Larry I missed Michael Dirda's review of classic horror stories which he published in the American Scholar last fall, but I just saw it today when I was reading a really good article on Sibelius in that journal. The link to Dirda's article is below.

"Of course, those with a limited amount of time or money might prefer a single-volume sampler. Among many notable anthologies of the uncanny, five are particularly outstanding: The Omnibus of Crime, edited by Dorothy L. Sayers (half the book is devoted to spooky stories); The Supernatural Omnibus, edited by Montague Summers; Great Tales of Terror and the Supernatural, edited by Phyllis Wise Wagner and Herbert Fraser; The Mammoth Book of Ghost Stories, edited by Richard Dalby; and The Oxford Book of English Ghost Stories, edited by Michael Cox and R. A. Gilbert."
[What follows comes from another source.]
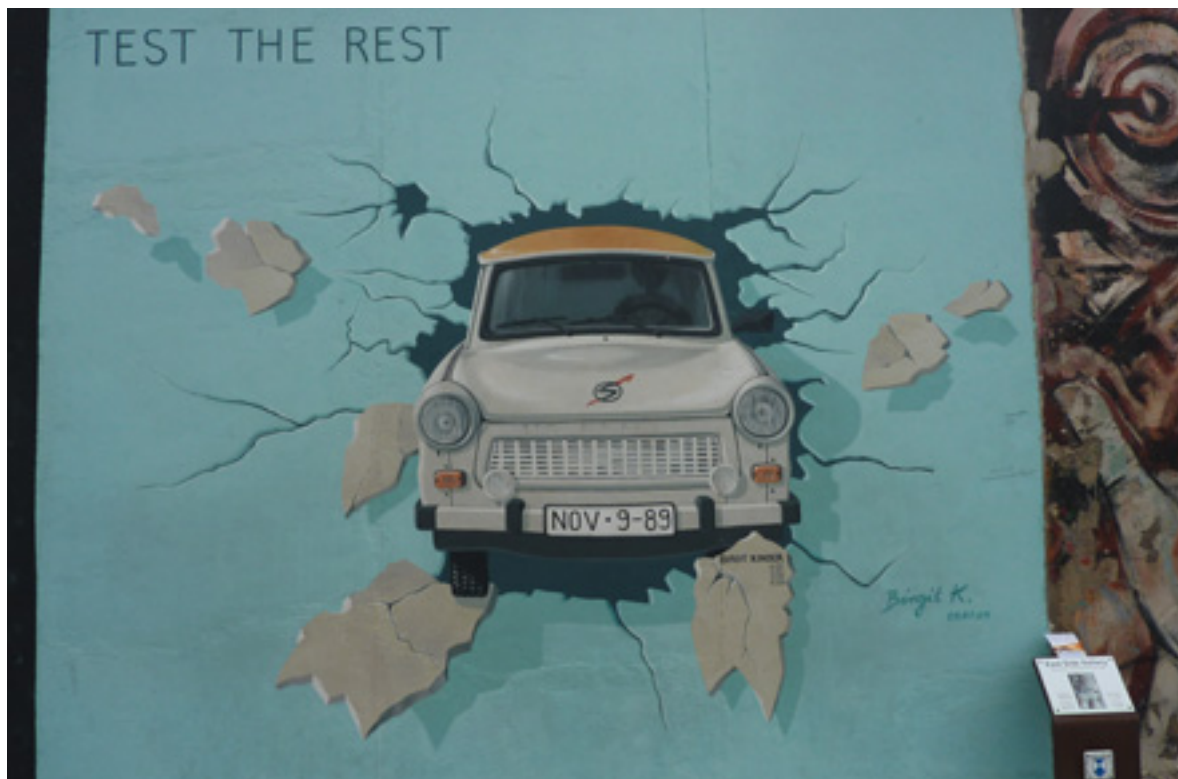
MURALES Uno dei danti dipinti su quel che resta del Muro all'Est Side Gallery

Chi cerca cose meno convenzionali, può fermarsi nelle boutique degli Hackesche Höfe o al mercato delle pulci della Straße des 17 Juni per acquisti originali e a buon mercato. L'aeroporto di Tegel è raggiungibile da Malpensa con Air Berlin (www.airberlin.com) che propone tariffe volo&hotel da 226 euro per 3 notti in hotel 4 stelle, a persona, fino a fine ottobre. Easyjet (www.easyjet.com) dispone di voli diretti Malpensa-Berlino: da 23,99 a tratta, tasse incluse, e Pisa-Berlino da 25,99 euro a tratta, tasse incluse. Ryanair (www.ryanair.com) garantisce voli giornalieri da Orio al Serio a Berlino Schönefeld a un costo a/r di 97 euro tutto incluso. Se cercate un hotel consultate booking.com e hostelworld.com oltre a navigare su www.visita-berlino.it, www.berlin-welcomecard.de e www.germany.travel, dove trovare mille informazioni utili. Concedetevi una prima colazione tradizionale in un locale della vecchia città come il Café Einstein (www.cafeeinstein.com) sulla Kurfürstendamm. Sazi fino a sera con meno di 10 euro.

https://theamericanscholar.org/thirte...


message 30: by Werner (new)

Werner | 875 comments Larry, when time permits, I'll definitely check out that article; thanks for the link! I've only read two out of the five anthologies he cites, the Wagner/Fraser one (which is actually divided into two parts, tales of purely natural terror and tales of the supernatural, terrifying or not) and the Oxford one; but I'd definitely echo his recommendation of both! A companion volume to the latter (with no overlapping content), The Oxford Book of Twentieth-Century Ghost Stories, is also well worth a read.


message 31: by Larry (new)

Larry Werner wrote: "Larry, when time permits, I'll definitely check out that article; thanks for the link! I've only read two out of the five anthologies he cites, the Wagner/Fraser one (which is actually divided into..."

The lurid cover is definitely over the top, but it's really the fact that he truly is "the grandmaster of the locked-room mystery" that makes me want to read The Burning Court by John Dickson Carr. This is the next to the last of the non-anthologies that Dirda recommends. Modern horror has little appeal to me. I much prefer the classic English tales that Dirda also seems to prefer. About the only modern horror stories that I like are Stephen King's 'Salem's Lot and a few by Dan Simmons, especially Song of Kali.


message 32: by Werner (new)

Werner | 875 comments Larry, I join you in greatly preferring the older-school "horror" rather than the current crop of popular splatter-punk and schlock-fests. (Personally, I prefer the term "supernatural fiction" over "horror;" and if I'm reading something horrific, I'd rather it be supernatural than realistically natural --I find reality nowadays horrific enough.)

You might be interested in a couple of insightful articles by Christian thinkers, if you can get them through interlibrary loan. The older one is "Of Heroes and Devils: The Supernatural on Film" by Paul Leggett, from the Nov. 18, 1977 issue of Christianity Today (it deals with books as well as film, since much of the latter was inspired by the former), and a more recent one is "The Truth That Is Out There: The X-Files and the Return of Metaphysical Horror" by Lint Hatcher, from the October 1993 issue of Rutherford.